Rolando fue mi primer admirador cuando era una niña. Teníamos apenas cinco años de edad, y estábamos en plena etapa de inicio y en donde suelen construirse nuevos conocimientos en base a representaciones. No sé qué iconografía tenía Rolando en su casa, pero recuerdo que siempre, donde me encontraba, manifestaba a sus amiguitos que yo era su novia. Crecimos juntos, y cada vez que mi madre me enviaba hacerle algún mandado a la pulpería, Rolo –así le decíamos- me perseguía y corríamos y corríamos… él con afán de alcanzarme y yo huyendo de su presencia.
¡Cómo disfrutaba Rolando en corretearme!. Cierto día, cansada de tanto correr y correr –me di por vencida- me alcanzó, y me estampó –así de golpe- un beso. Mi primer beso en suspenso, lleno de enojo, triste, sin dientes y grosero.

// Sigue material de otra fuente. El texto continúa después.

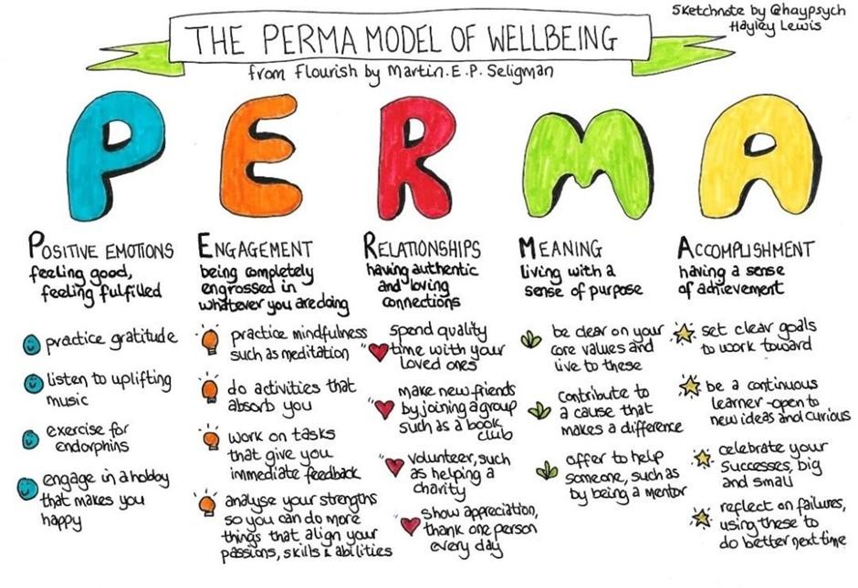 The PERMA model is a framework for happiness and well-being based on Positive Psychology through five simple elements. Dr Martin Seligman, the founder of this model, ensures that given time and attention, these elements can lead to a happier, more engaged and fulfilling life.

Recuerdo que lo odié y pedí a mi madre que –por favor- no me enviara sola a hacer mandados porque había un niño malo que me perseguía, que ya me había dado un beso, pero que le dijo a sus amiguitos que me iba a dar más... Con el paso de los años, la adolescencia llegó y para mi fortuna, él se fue a vivir a San Pedro Sula y ya no volví a saber de él.
Pero la vida es misteriosa y los suspensos, mejor dicho: los puntos suspensivos, a veces suelen ir más allá de esa definición que nos da la RAE, especialmente en asuntos ortográficos cuando dice: “Quedar incompleto el sentido de una oración, o cláusula del sentido cabal, para indicar temor o duda, o lo inesperado y extraño de lo que ha de expresarse después.”
Resulta que hace un par de días me encontré por Facebook a Rolando, si al –Rolo- de mi infancia, a ese niño que ahora tiene cincuenta y siete años, (siete años mayor que yo) me solicitaba una aprobación de amistad. Con precaución busqué referencias, indagué y llegué a la conclusión de que sí, en efecto era aquel vecinito malo y mentiroso, que me correteaba. Después de pensarlo por un par de meses, le di clic a aceptar y lo primero que escribió fue… “tú sigues siendo mi novia, por aquel beso que nos dimos…” escrito con puntos suspensivos al inicio y al final de la oración.
No supe si enojarme o reír, lo cierto es que lo primero que vino a mi mente fueron las “Cartas del vidente” de Rimbaud: “Él busca su alma, la analiza, la tienta, la comprende… Pero se trata de hacer el alma monstruosa… ¡Y qué! Imagínese un hombre que se injerta verrugas en la cara y las cultiva”. Me negué a creer en sueños de princesas. Allá a lo lejos sonaba la canción de Sabina, “amores que matan nunca mueren…”, luego vino, la pausa, el silencio y una emoción añeja, reencontrada de nuevo.
Las pláticas que vinieron después han sido como esos frondosos árboles plantados cerca de los ríos. Él, todo un exitoso empresario, casado, con dos hijas hermosas y muy inteligentes. Yo, contando los mejores momentos de mi vida: mi primera casa, mis hijas, mis nietos, los libros publicados, algunos premios internacionales, estudios de latín. Hoy hablamos, tratando de completar oraciones infantiles que se quedaron ahí, suspendidas en el tiempo. Aclaramos, por supuesto, que nunca fui su novia, que aquel beso –robado- para mí fue una desdicha. Ahora nos reímos de lo acontecido, valoramos el don de la vida y la posibilidad que tuvimos para enmendar malos entendidos. Comprendí que nunca lo odié, vi desde otra perspectiva, la de “él”, lo que pudo haber sentido –y siendo sincera- a mí también me faltaban dos dientes. Tres son los puntos suspensivos, uno va por la infancia, otro por la sinceridad y el último por la amistad. Y si bien es cierto que en la mayoría de los casos evoca algo que se quedó en suspenso, hoy denota reencuentro.
El título de este artículo sin lugar a dudas, te lo debo a ti, Rolo, y a tu afán de perseguirme. Un pensamiento anónimo dice: “Él había puesto tres puntos suspensivos a la historia, ella borró dos”. Feliz Día de la Amistad.